Она не услышала, как подошел дед Толик, будто это тишина превратилась в него, — только угадала, что он сел рядом. Вдохнула знакомый острый запах самокруток, замши и зелени и заплакала — от жалости к себе, оттого, что все это скоро закончится и вообще — оттого, что оно так получилось.

— Тебе же ведь просто жалко сейчас? Себя жалко? — спросил дед Толик. — Себя или меня?

Ринка враз перестала плакать и задумалась.

— Наверное, себя. Наверное. И тебя. И Бабтоню. Всех. И от несправедливости. Что папа сказал — вот ты уже старый, так что это ничего, все старые умирают.

— Ну, взрослым тоже страшно… иногда очень страшно. И у каждого своя хитрость, чтобы побороть страх. Некоторые поэтому оправдывают смерть — возрастом, к примеру. Тогда им кажется, что смерть в семье не такая уж и страшная.

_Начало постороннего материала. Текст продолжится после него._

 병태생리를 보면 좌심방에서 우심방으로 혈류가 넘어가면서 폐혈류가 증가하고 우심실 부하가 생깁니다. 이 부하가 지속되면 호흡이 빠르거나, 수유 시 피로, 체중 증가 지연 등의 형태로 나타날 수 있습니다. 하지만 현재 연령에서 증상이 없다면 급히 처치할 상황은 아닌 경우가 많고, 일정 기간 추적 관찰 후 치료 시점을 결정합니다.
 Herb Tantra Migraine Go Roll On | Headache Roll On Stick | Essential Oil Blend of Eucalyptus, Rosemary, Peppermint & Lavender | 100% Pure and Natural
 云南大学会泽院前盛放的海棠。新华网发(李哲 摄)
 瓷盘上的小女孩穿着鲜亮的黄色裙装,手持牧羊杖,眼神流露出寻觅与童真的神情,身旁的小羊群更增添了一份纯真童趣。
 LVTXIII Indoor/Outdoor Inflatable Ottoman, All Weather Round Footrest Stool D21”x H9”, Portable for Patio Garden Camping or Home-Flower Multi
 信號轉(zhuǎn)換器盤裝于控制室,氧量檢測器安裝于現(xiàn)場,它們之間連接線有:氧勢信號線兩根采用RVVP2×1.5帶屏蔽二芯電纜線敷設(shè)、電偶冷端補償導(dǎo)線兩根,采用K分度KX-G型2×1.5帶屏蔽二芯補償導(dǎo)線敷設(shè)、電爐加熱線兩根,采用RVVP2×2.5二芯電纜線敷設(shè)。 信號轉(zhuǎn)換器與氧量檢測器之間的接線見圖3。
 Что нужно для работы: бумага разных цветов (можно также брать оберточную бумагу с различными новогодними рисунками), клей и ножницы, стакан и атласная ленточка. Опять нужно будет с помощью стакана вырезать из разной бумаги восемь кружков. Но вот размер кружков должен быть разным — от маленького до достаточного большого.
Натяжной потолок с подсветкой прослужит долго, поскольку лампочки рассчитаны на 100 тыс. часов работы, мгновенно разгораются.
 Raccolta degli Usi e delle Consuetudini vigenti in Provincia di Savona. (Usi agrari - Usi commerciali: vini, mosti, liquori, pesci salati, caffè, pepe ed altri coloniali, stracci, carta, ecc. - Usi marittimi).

— Но они же тебя прогнали! — запротестовала Ринка.

— Нет, не прогнали. Я и сам был хорош. Не бывает так в семье, чтоб кто-то один. Мы все — виноваты.

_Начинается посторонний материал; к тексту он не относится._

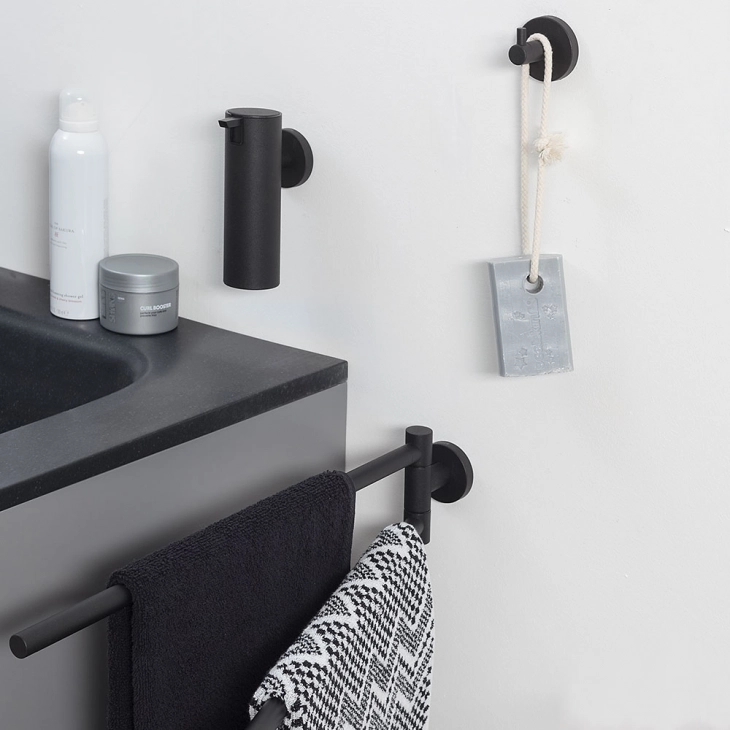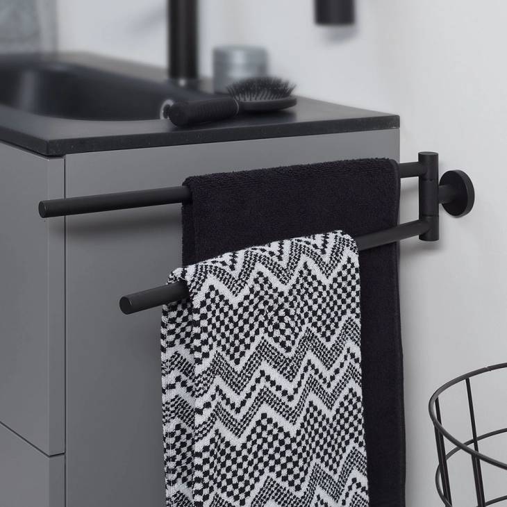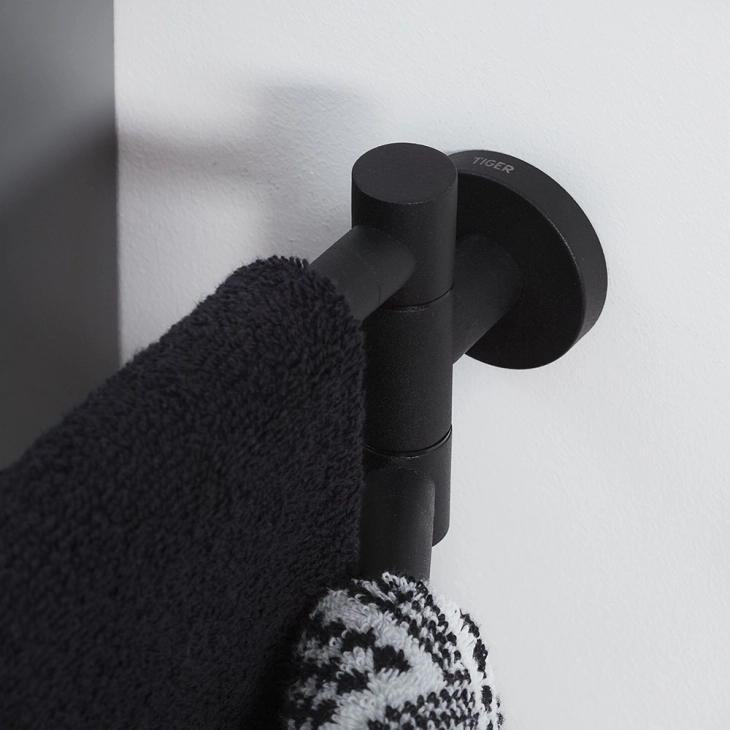 Η κρεμάστρα πετσετών Tiger Boston διαθέτει σύγχρονο μαύρο ματ φινίρισμα και έχει δύο βραχίονες, καθένας από τους οποίους μπορεί να υποδεχτεί μία πετσέτα κανονικού μεγέθους. Οι περιστρεφόμενοι βραχίονες επιτρέπουν τη βέλτιστη χρήση του χώρου γύρω από το νιπτήρα. Η ράγα πετσετών δύο βραχιόνων μπορεί εύκολα να τοποθετηθεί στον τοίχο και το υλικό στερέωσης (περιλαμβάνεται) κρύβεται μετά την τοποθέτηση για κομψή εμφάνιση. Η σειρά Boston περιλαμβάνει μια μεγάλη ποικιλία από άλλα αξεσουάρ για το μπάνιο και την τουαλέτα, όλα όμορφα συνδυασμένα.

— И Бабтоня? — подняла на него наконец глаза Ринка.

— И Тоня, — улыбнулся он.

Отцветшие люпины тихо стояли вокруг — молчаливо и строго. Сердце проглотилось и снова встало на место.

— Так ты не умрешь? — настойчиво спросила его Ринка.

А дед Толик молча обнял ее за плечи.

Двадцать второе августа .

С праздника мы с Женькой в самом конце сбежали — сцапали целые карманы конфет и пошли кормить Витьку. Он чмокает, когда ест конфеты. И он снова улыбался и все говорил: «Ге-еня, Геня».

Когда лето кончится, мы все равно будем дружить с Рудиком и Женькой — мы пригласили друг друга на дни рождения, а потом придумаем еще что-нибудь.

Сегодня я решила вот что. Когда я вырасту, буду тратить зарплату на спасение рыб в ресторане — как дед Толик. Или, еще лучше, — открою приют для редких рыб, которых хотели съесть. А еще — посажу сто тысяч деревьев. И мильон полян засажу. Потом.

А сначала я сделаю так, чтобы дед Толик не умер. Женька рассказывала — бабушка ее подружки тоже болела раком, и врачи им сказали, что она будет жить только три месяца. А она только посмеялась, собрала все деньги и поехала вокруг света — она давно мечтала, всю жизнь, объехать весь мир. И не умерла, а даже наоборот поправилась и жива до сих пор, уже десять лет. Врачи удивлялись, а она говорила: «Это потому что я счастлива».

Вот увидишь, скоро у меня будет план. Рудик сказал — я не такая, как все, я слышу тишину, я смогла сделать чудо, чтобы поправилась Бабтоня. Значит, я смогу сделать так, чтоб дед Толик выздоровел. Он мне очень-очень нужен. И я что-нибудь тоже придумаю, чтобы дед Толик был всегда счастлив. А счастливые не умирают — правда ведь?